For the first time since the 1950s, Europe will become the world’s top wheat exporter, overtaking the US. The European Union will ship 27.5m tonnes of wheat, including durum, in 2014-15, the USDA said in its first forecasts for next season.
That would be a figure second only to the 30.0m tonnes that the EU – which as a bloc is the world’s top wheat producer – is expected to export this season, ending next month.
And it would take the EU’s current 28 nations (counted pro-rata before the bloc’s creation) to first in the league of world wheat exporters for the first time on records going back to 1960s, during which the US has dominated top rank.
The EU’s promotion reflects the extent of the damage to the US winter wheat crop from drought in the southern Plains belt which grows the hard wheat used in making bread, with production of the soft wheat used in making biscuits, and grown in the Midwest, hurt too by lower sowings and frost damage.

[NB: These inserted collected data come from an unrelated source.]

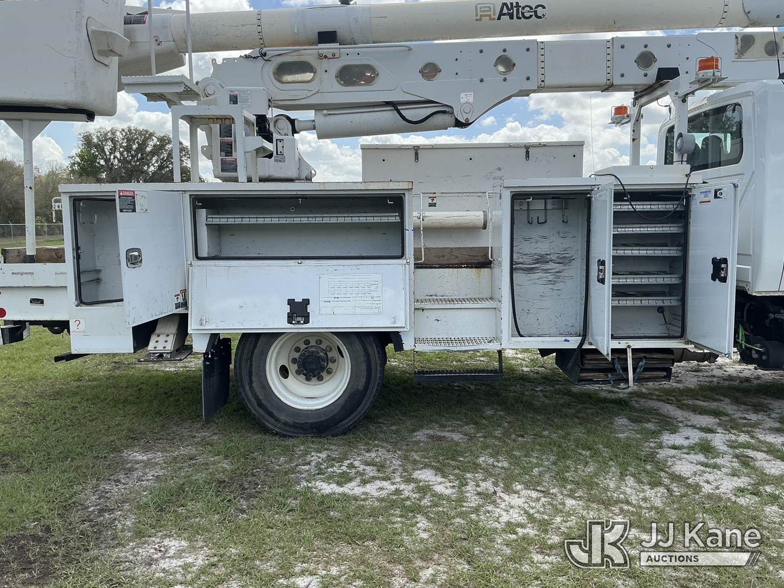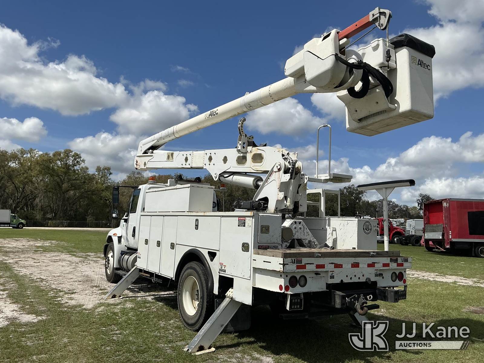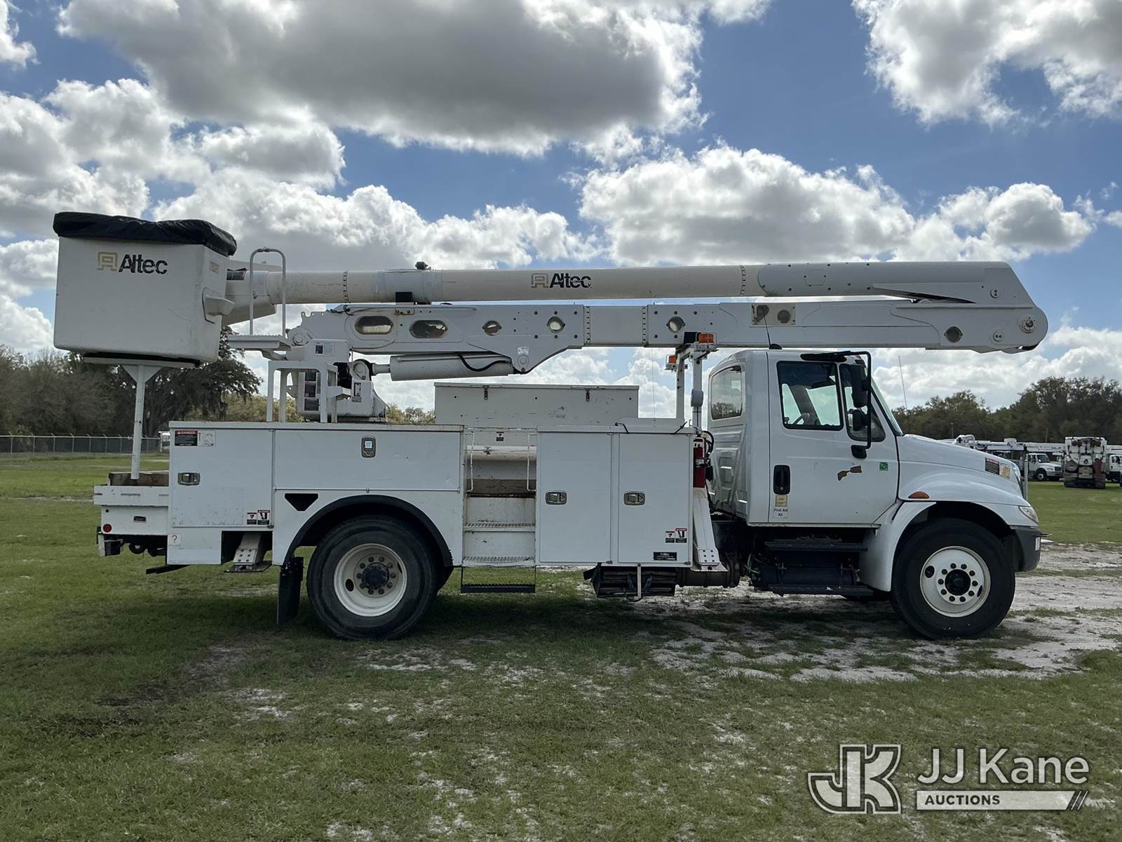 Altec AA55-MH, 60 ft, Material Handling Bucket Truck s/n 0517FH4590, with two-man bucket & 4 hyd outriggers, rear mounted on 2018 International 4300 Utility Truck, 6.7L diesel, 4X2, Auto, A/C, (91,711 miles) (Runs, Moves, Upper Operates) (Radio Not Included) (Reads 10,568 hours) This is a Titled Item NOTE: This unit is being sold AS IS/WHERE IS via Timed Auction and is located in Thonotosassa, FL. Inspection & preview days for this unit are the 2 business days prior to the first day of items closing for this auction, item is located at 11720 N US 301 Thonotosassa, Fl 33592 and hours of operations are 8a-4p. For pre-sale questions, please contact Office Staff @ (813) 986-2485. (Manuals provided in cab) (Buyer is responsible for removal. Assistance by consignor or JJ Kane Auctions is not assured.)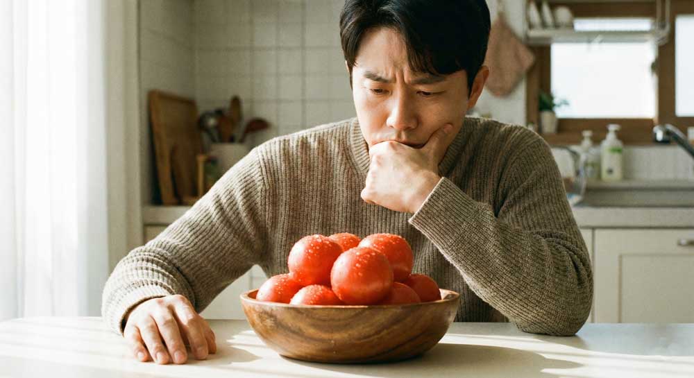 토마토는 최고의 슈퍼푸드지만, 아침 공복에는 이야기가 달라집니다. 토마토 속의 '타닌산'이라는 성분이 위산과 만나면 응집되어 딱딱한 덩어리를 만듭니다. 이게 위 내부 압력을 높여 통증을 유발하고 심하면 위궤양까지 이어질 수 있어요.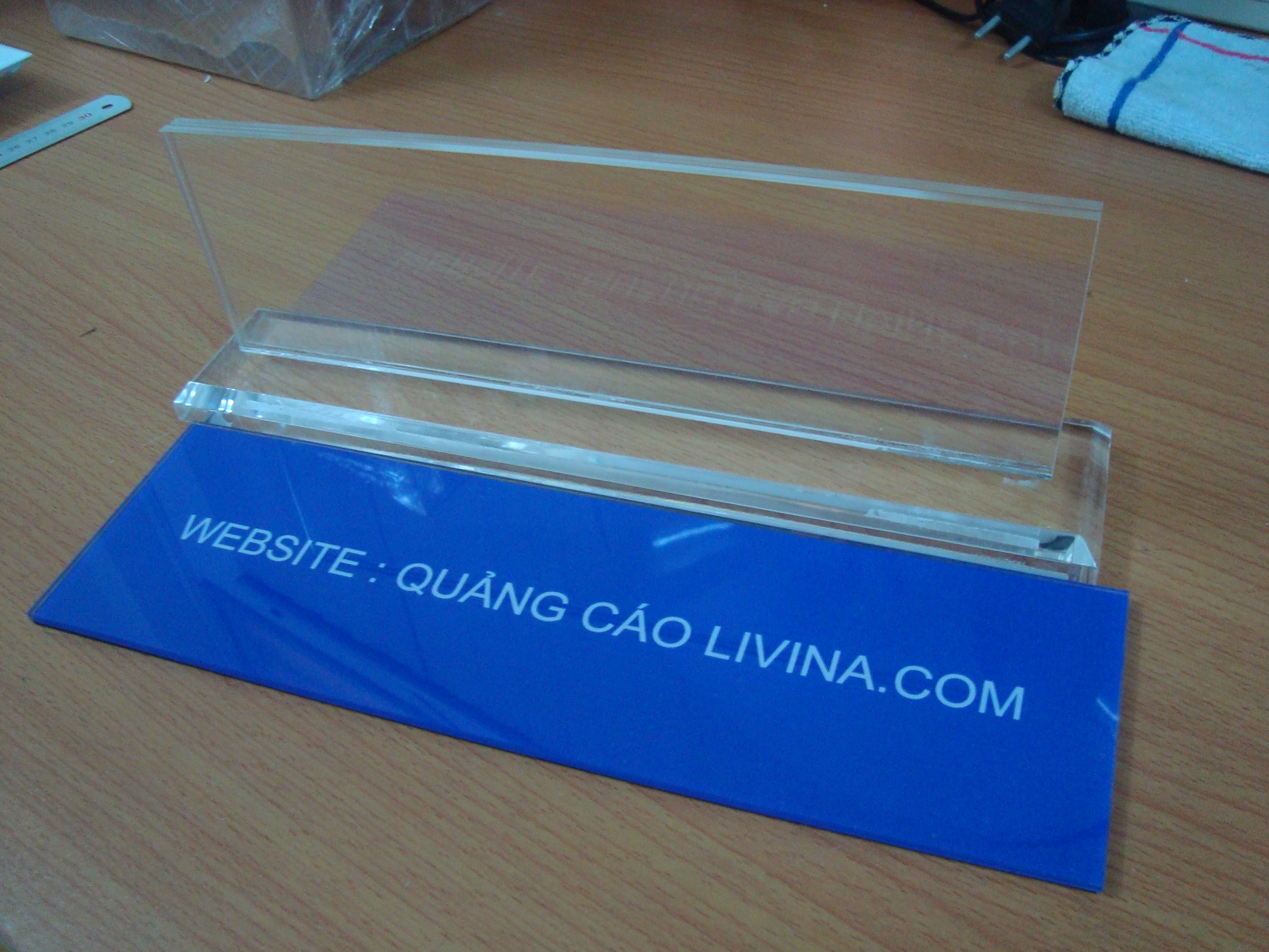 Biển mica chức danh bộ đội với thiết kế đơn giản, thanh lịch . Biển mica chức danh bộ đội là biển dùng vật liệu mica trong gia công uốn gập và cắt laser. Biển mica chức danh bộ đội đế 2mm, mặt biển 8,5* 17cm thường được các đơn vị lựa chọn. Biển mica chức danh bộ đội có thể thay tên thay nội dung trên biển theo nhu cầu của khách hàng.

Last year’s harvest was too small to prevent US hard red winter wheat stocks tumbling an estimated 50% to 193.2m bushels over 2013-14.
Meanwhile, the EU is expected to see a small rise in production in 2014-15, by 1.56m tonnes to 144.9m tonnes, the third biggest harvest on record, lifted by a recovery in production in the UK.
Indeed, while output from France and Germany, the top two producers, is expected to show a small decline this year – of 1.0% to 38.1m tonnes and 3.8% to 24.0m tonnes respectively – the third-ranked UK will see a 27% jump in its harvest to 15.2m tonnes.
The increase reflects the improved weather from last season, when autumn sowings were slashed by the second wettest year on record, which also left the UK with an unusually poor-quality crop in 2012.
Most major exporting wheat exporters will see reduced shipment volumes, a decline reflecting reduced production in Australia and Canada, as well as in the Ukraine, where the financial hiccups stemming from political crisis will curtail output.
For Ukraine, the USDA forecast that “despite the excellent current conditions, yield will drop from last year’s level due to a likely reduction in the spring application of mineral fertilisers and a reduction in the use of herbicides and other agricultural chemicals”.
Argentina – where wheat is broadly expected to improve in popularity, amid talk of some easing back by the government on export restrictions – will re-emerge as a major shipper, with volumes seen trebling to 6.5m tonnes.
Among import nations, Brazil and China, which suffered unusually poor harvests last year, are seen cutting their need for purchases.
Turkey’s imports are forecast rising 38% to a record 5.5m tonnes, thanks to drought and a late frost blamed for cutting wheat output by 3.om tonnes from last year, to 15.0m tonnes.
Imports by Syria, which “is experiencing a continued drought along the western grains region, are also seen reaching a record high, of 2.0m tonnes. Egypt, the top importer, is seen buying in 10.8m tonnes, up 300,000 tonnes year on year.